Девушка не улыбается, но он не дает испортить себе настроение: прекрасная жаркая ночь, им удалось раздобыть кучу денег, да еще и погонять таможенников. Канья совсем не умеет принимать подарки судьбы. Она разучилась получать удовольствие от жизни еще в детстве: сначала голод на Северо-Западе, потом смерть родителей и братьев с сестрами, тяжелая дорога в Крунг Тхеп – где-то там осталась ее способность радоваться. Она совсем не ценит санук[24]24
Понятие «санук» означает веселье, радость, комфорт – причем нематериального свойства. Для удовольствий физических есть отдельное понятие – «сабай».
[Закрыть], веселье, даже самый настоящий санук мак, который можно устроить, избавив министерство торговли от некоторой суммы или отпраздновав Сонгкран[25]25
Тайский Новый год.
[Закрыть]. Поэтому когда Канья получает двести тысяч бат с совершенно каменным лицом (разве только смахнув с него пыль), Джайди не принимает это близко к сердцу. Не умеет наслаждаться – значит, такая у нее камма[26]26
То же, что и карма, но на пали, литературном языке буддизма.
[Закрыть].
И все же он жалеет Канью. Нищие – и те хотя бы изредка улыбаются, а она никогда. Ненормально, что смущение, раздражение, злость, радость Канья испытывает без тени улыбки. Людям неуютно от такого абсолютного неумения вести себя как принято, поэтому Канья в конце концов осела у Джайди – больше ее нигде не выносили. Эти двое составили странный дуэт: мужчина, который всегда находит повод для радости, и девушка, чье лицо напоминает каменную маску.
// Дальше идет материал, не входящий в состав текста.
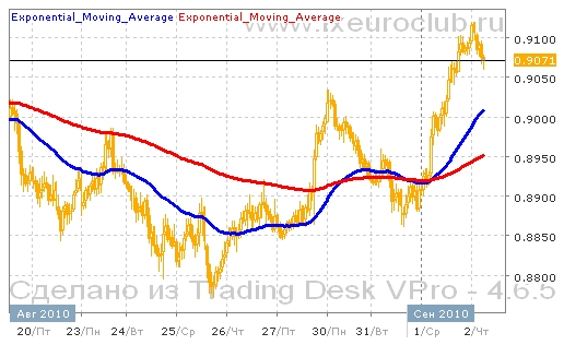 Валютная пара aud/usd к настоящему моменту находится в верхней части торгового диапазона за последние недели. Сейчас начинают формироваться предпосылки к продолжению восходящего тренда. В настоящее время тестируется вверх важный уровень сопротивления в районе 0,9100. Если этот уровень устоит, то дальнейшей целью движения может стать падение в район 0,8700. Согласно расположению скользящих средних сейчас началась восходящая фаза движения котировок. Поскольку быстрая скользящая средняя с периодом 55 пересекла вверх медленную с периодом 200. Но для продолжения роста необходимо удержаться выше уровня 0,9000.

Джайди снова пытается подбодрить своего лейтенанта ухмылкой.
– Раз все точно – упаковывай деньги.
– Вы превышаете свои полномочия, – бормочет один из таможенников.
Джайди самодовольно пожимает плечами.
– Юрисдикция министерства природы распространяется повсюду, где есть угроза Тайскому королевству. Такова воля ее величества.
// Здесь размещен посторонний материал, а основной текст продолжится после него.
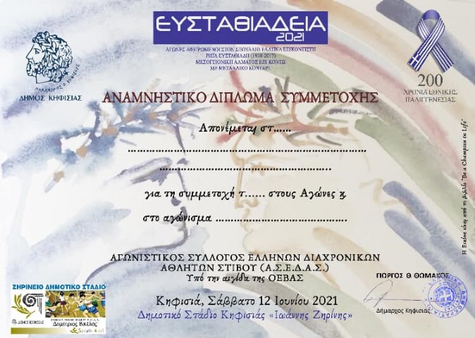 Για δεύτερη χρονιά ο Δήμος Κηφισιάς με τον Αθλητικό Σύλλογο Ελλήνων Διαχρονικών Αθλητών Στίβου και σε συνεργασία με τον Αθλητικό Όμιλο ´Ολυμπιάδα Κηφισιάς (Ε.Ο.Κ.Α), συνδιοργάνωσαν στο Δημοτικό Στάδιο Κηφισιάς "Ιωάννης Ζηρίνης" τα «ΕΥΣΤΑΘΙΑΔΕΙΑ 2021» προς τιμήν του Επικοντιστή Ρήγα Ευσταθιάδη.

– Вы понимаете, что я имею в виду, – добавляет таможенник с натянуто-любезной улыбкой.
Джайди только отмахивается от его холодного недоброжелательного взгляда.
– Какие вы все-таки жалкие! Если бы я сказал заплатить в два раза больше – заплатили бы.
Пока Канья упаковывает купюры, Джайди разгребает острием мачете содержимое одного из разбитых ящиков.
– Ты только посмотри, какой бесценный груз тут охраняют! – Он вытаскивает из кучи упаковку кимоно, присланных, видимо, для жены какого-нибудь японского управляющего, и начинает ее ворошить. Белье стоит больше его месячного оклада. – Мы же не станем устраивать здесь тотальный досмотр и ставить все вверх дном? – Джайди хитро смотрит на Канью. – Возьмешь себе что-нибудь? Настоящий шелк. Представь, в Японии еще есть шелковичные черви.
Та, не отрываясь от денег, бросает:
– Не мой размер. Эти японские жены разъелись на взломанных продуктах и больших деньгах от сделок с «Агрогеном».
– Так вы что – еще и украсть хотите? – цедит таможенник, с трудом сдерживая ярость, но продолжая улыбаться.
– Видишь же, что нет. У моего лейтенанта вкус получше, чем у японок. Да и отобьете вы еще свои деньги. А это все – так, мелкое неудобство.
– А как же ущерб? Вот об этом нам что сказать? – Второй таможенник показывает на порванную ширму с картиной в стиле «Сони».
Судя по всему, сцена из самурайской жизни конца двадцать второго века: менеджер «Мисимото флюид динамикс» наблюдает за работающими в поле пружинщиками… У них что – по десять рук? От такого святотатства у Джайди мурашки бегут по спине. При этом неподалеку совершенно спокойно сидит обычная семья. Впрочем, это же японцы – они даже разрешают детям играть с обезьянками-пружинщиками.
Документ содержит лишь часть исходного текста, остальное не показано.